Memorial of Saint Bonaventure, bishop and doctor of the Church
(Exodus 1: 8-14.22; Matthew 10:34-11:1)
A man tells the story of his daughter. When she was a teenager, she became pregnant outside marriage. She wanted to have her baby, but her mother encouraged her to have an abortion. For the elder, the girl was not only too young to be a mother but also needed to finish her education. The girl desperately turned to her father who was divorced from his wife. The man believed in his daughter and promised to help her keep her baby. Relieved, the girl said that she had bought a bus ticket to another town in case no one would support her at home. Whether she knows it or not, this girl is following Jesus’ instructions to his apostles in today’s gospel.
It is not that Jesus has abortion in mind as he lectures his apostles. Rather, he knows that his righteousness will always unleash opposition. His insistence that divorce opposes the Creator’s original intention will cause a furor among those who favor a more lenient standard. His reaching out to the grubby poor will scandalize those with a high sense of propriety. In these ways Jesus forces people to choose. Will they stand with him or conform to the defective ways of their family.

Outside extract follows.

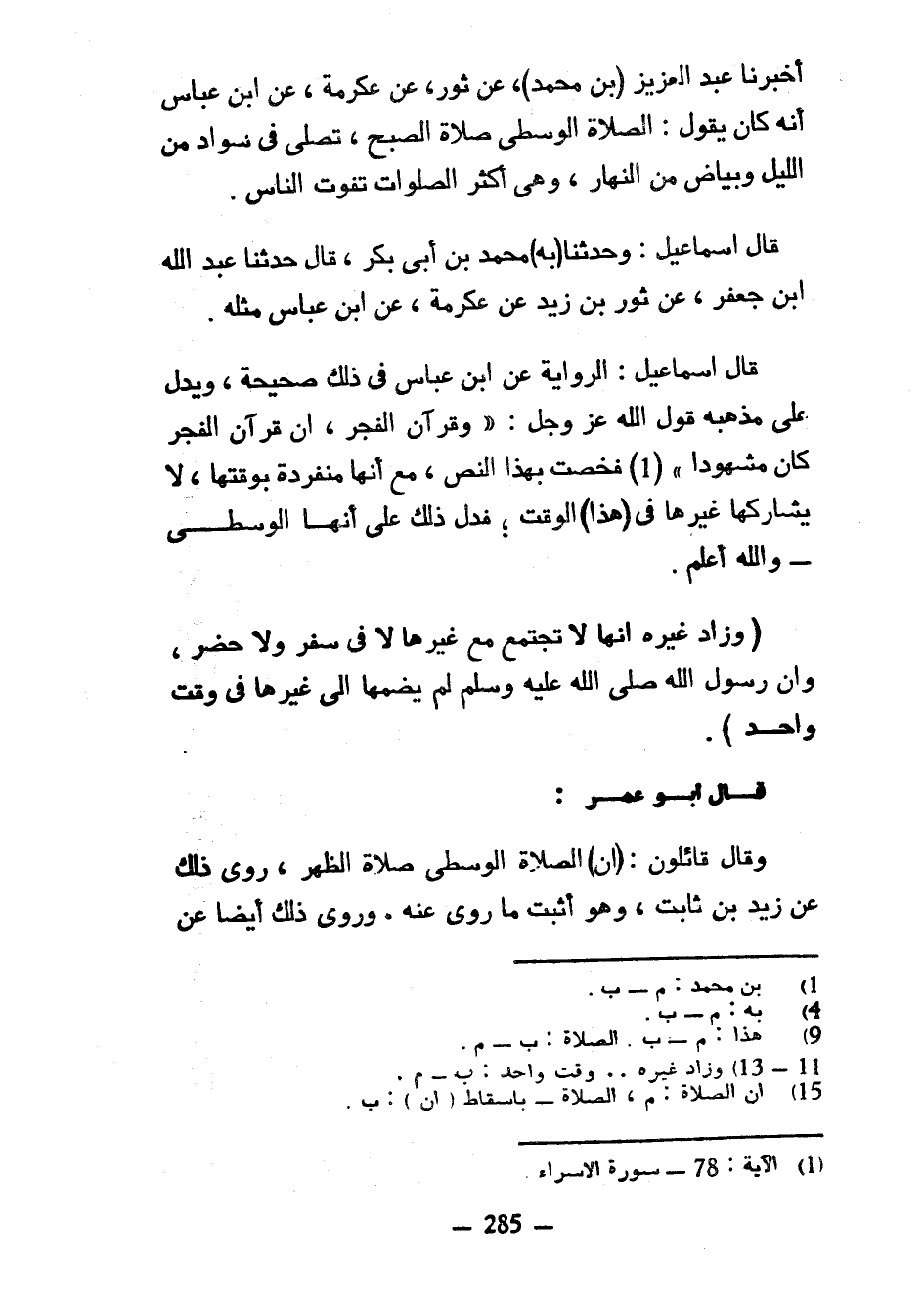 أَخْبَرَنَا عَبْدُ الْعَزِيزِ (بْنُ مُحَمَّدٍ) عَنْ ثَوْرٍ عَنْ عِكْرِمَةَ عَنِ ابْنِ عَبَّاسٍ أَنَّهُ كَانَ يَقُولُ الصَّلَاةُ الْوُسْطَى صَلَاةُ الصُّبْحِ تُصَلَّى فِي سَوَادٍ مِنَ اللَّيْلِ وَبَيَاضٍ مِنَ النَّهَارِ وَهِيَ أكثر الصلوات تفوت الناس قال إسمعيل وَحَدَّثَنَا (بِهِ) مُحَمَّدُ بْنُ أَبِي بَكْرٍ قَالَ حدثنا عبد الله ابن جَعْفَرٍ عَنْ ثَوْرِ بْنِ زَيْدٍ عَنْ عِكْرِمَةَ عَنِ ابْنِ عَبَّاسٍ مِثْلَهُ قَالَ إِسْمَاعِيلُ الرِّوَايَةُ عَنِ ابْنِ عَبَّاسٍ فِي ذَلِكَ صَحِيحَةٌ وَيَدُلُّ عَلَى مَذْهَبِهِ قَوْلُ اللَّهِ عَزَّ وَجَلَّ وَقُرْآنَ الْفَجْرِ إِنَّ قُرْآنَ الْفَجْرِ كَانَ مَشْهُودًا فَخُصَّتْ بِهَذَا النَّصِّ مَعَ أَنَّهَا مُنْفَرِدَةٌ بِوَقْتِهَا لَا يُشَارِكُهَا غَيْرُهَا فِي (هَذَا) الْوَقْتِ فَدَلَّ ذَلِكَ عَلَى أَنَّهَا الْوُسْطَى وَاللَّهُ أَعْلَمُ (وَزَادَ غَيْرُهُ إِنَّهَا لَا تَجْتَمِعُ مَعَ غَيْرِهَا لَا فِي سَفَرٍ وَلَا حَضَرٍ وَأَنَّ رَسُولَ اللَّهِ صَلَّى اللَّهُ عَلَيْهِ وَسَلَّمَ لَمْ يَضُمَّهَا إِلَى غَيْرِهَا فِي وَقْتٍ وَاحِدٍ) قَالَ أَبُو عُمَرَ وَقَالَ قَائِلُونَ (إِنَّ) الصَّلَاةَ الْوُسْطَى صَلَاةُ الظُّهْرِ رُوِيَ ذَلِكَ عَنْ زَيْدِ بْنِ ثَابِتٍ وَهُوَ أَثْبَتُ مَا رُوِيَ عَنْهُ وَرُوِيَ ذَلِكَ أَيْضًا عَنْ

We may not have to choose between family and Jesus. We may not have to choose between family and Jesus. Our choice may be between Jesus and the urgings of the heart. Will we follow our sexual impulses or will we resist sinful sexual desires? Will we support organizations that assist the homeless or perhaps help them ourselves? Or will we totally ignore those who roam the streets? Facing issues like these, we realize that Jesus does not bring the peace of mind that we may desire.